# Exercise 4: Word Embeddings

In [None]:
import torch
import torch.nn as nn
import torch.optim as optim
import os
import glob
from collections import Counter

In [None]:
def sorter(item):
    """ Function tha gets only the first number of the name of the file and organizes the files base on that"""
    
    return int(os.path.basename(item).split('_')[0])
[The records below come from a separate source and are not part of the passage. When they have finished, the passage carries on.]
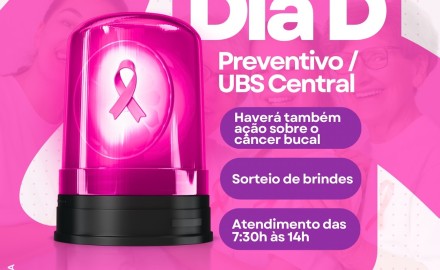 A Prefeitura Municipal, por meio da Secretaria de Saúde, convida todas as mulheres do município para participar do Dia D do Preventivo, que será realizado neste sábado, 25 de outubro, na UBS Central, das 7h30 às 14h.
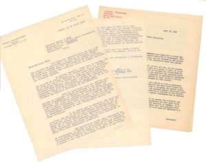 JOLIOT-CURIE Frédéric (1900-1958) Gendre de Pierre et Marie Curie, ce physicien et chimiste Français obtint conjointement avec son épouse le prix Nobel de chimie en 1935. L.D.S à Monsieur Ernest T. Weir. Paris, le 23 avril 1956. 2 pp in-folio. À propos du dernier Conseil Mondial de la Paix et des réductions réelles d'armements. «Tout en approuvant tous les efforts pour trouver un compromis valable conduisant à des réductions réelles d'armements, le Conseil Mondial de la Paix, qui s'appuie sur l'opinion publique et s'efforce de l'éclairer pour la faire agir, ne pouvait renoncer à exprimer les principes généraux contestants dont il estime, en fin de compte, la réalisation nécessaire : Le Conseil Mondial insiste pour un désarmement général et pour l'élimination absolue des armes atomiques [...]». On joint une transcription dactylographiée de la lettre en langue anglaise.
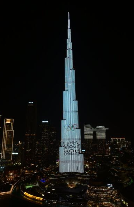 The world’s tallest tower shone brightly with the games logo and the colours of its five rings
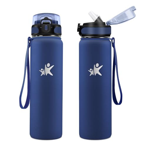 Grsta Flaska, 1 liter flaska, lätt att bära, läckagefri cykelflaska, sugrör, flaska med sugrör för vuxna, vattenflaska med drickstid, för sport, gym, vandring, marinblå
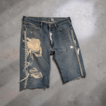 Heavily distressed medium wash bermuda shorts with swarovski crystal trimming along sides.
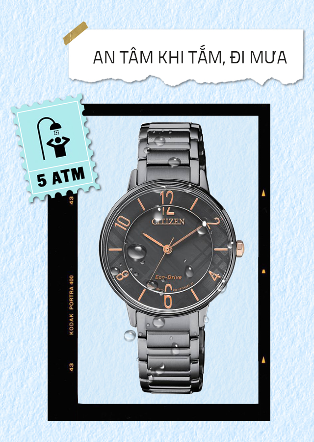 Độ chống nước 5 ATM, an toàn khi đi mưa, rửa tay, tắm. Không đeo đồng hồ khi bơi, lặn để tránh bị vô nước

def read_raw_text(path_data):
    """ 
    Function for reading the raw data in the .txt files. 
    
    Parameters
    ----------
    path_data: str
        path of the folder that contains the data that is going to be used. (should be test or train)
        
    Returns
    ---------
    data,scores: array_like
        Data arrays, X is an array of shape [#documents of the dataset, #words in the vocabulary], y is an array of shape [#documents,] 
    """
    
    data = []
    scores = []
    
    sentiments = ['pos', 'neg']
    for sentiment in sentiments:
        path_vocab_pos = os.path.join(".", "aclImdb", path_data, sentiment, "*.txt")
        
        for filename in sorted(glob.glob(path_vocab_pos), key=sorter):
            
            with open(filename, encoding='utf8') as f:
                
                lines = f.read()
                
                data.append(lines)
                scores.append(int(os.path.basename(filename).split('_')[1].strip('.txt')))
    return data, scores

In [None]:
# import the data
corpus, _ = read_raw_text('train')

In [None]:
import re
import string
from collections import Counter

def pre_process(
    reviews,
    tokenize_punct=False,
    lowercase=False,
    remove_punct=False,
    remove_high_freq_terms=False,
    high_freq_threshold=0.5,
    replace_numbers=False
):
    # todo copy the code from the previous exercise

tokenized_corpus = pre_process(corpus, tokenize_punct=True, lowercase=True, remove_punct=True)

In [None]:
# reduce the corpus if you are facing performance issues
tokenized_corpus = tokenized_corpus[:10]

## Task 1: CBOW

In [None]:
# Parameters (change these as wanted)
CONTEXT_SIZE = 2  # Window size on each side
EMBEDDING_DIM = 10
PAD_TOKEN = '<PAD>'

# Vocabulary
vocab = list(set(word for sentence in tokenized_corpus for word in sentence))
word_to_idx = {word: i for i, word in enumerate(vocab)}
idx_to_word = {i: word for word, i in word_to_idx.items()}
vocab_size = len(vocab)

print('Vocab Size', vocab_size)
print('Context Size', CONTEXT_SIZE)
print('Embedding Dimension', EMBEDDING_DIM)

In [None]:
idx_to_word

In [None]:
# Add PAD_TOKEN to vocab

# Pad sentences

# Use padded sentences to create training data (i.e., context-target pairs, e.g, ('is', ['bromwell', 'high', 'a', 'cartoon']))


In [None]:
# Define CBOW model
class CBOW(nn.Module):
    def __init__(self, vocab_size, embedding_dim):
        super(CBOW, self).__init__()
        # todo
        
    def forward(self, context_idxs):
        # todo

In [None]:
# Training
model = CBOW(vocab_size, EMBEDDING_DIM)
# todo

In [None]:
def evaluate_cbow(model, context_words):
    model.eval()
    with torch.no_grad():
        context_idxs = torch.tensor([word_to_idx[w] for w in context_words], dtype=torch.long)
        output = model(context_idxs)
        probs = torch.softmax(output, dim=1)
        top_prob, top_idx = torch.topk(probs, 5)  # top 5 predictions

        print(f"Context: {context_words}")
        print("Top predictions for center word:")
        for prob, idx in zip(top_prob[0], top_idx[0]):
            print(f"  {idx_to_word[idx.item()]}: {prob.item():.4f}")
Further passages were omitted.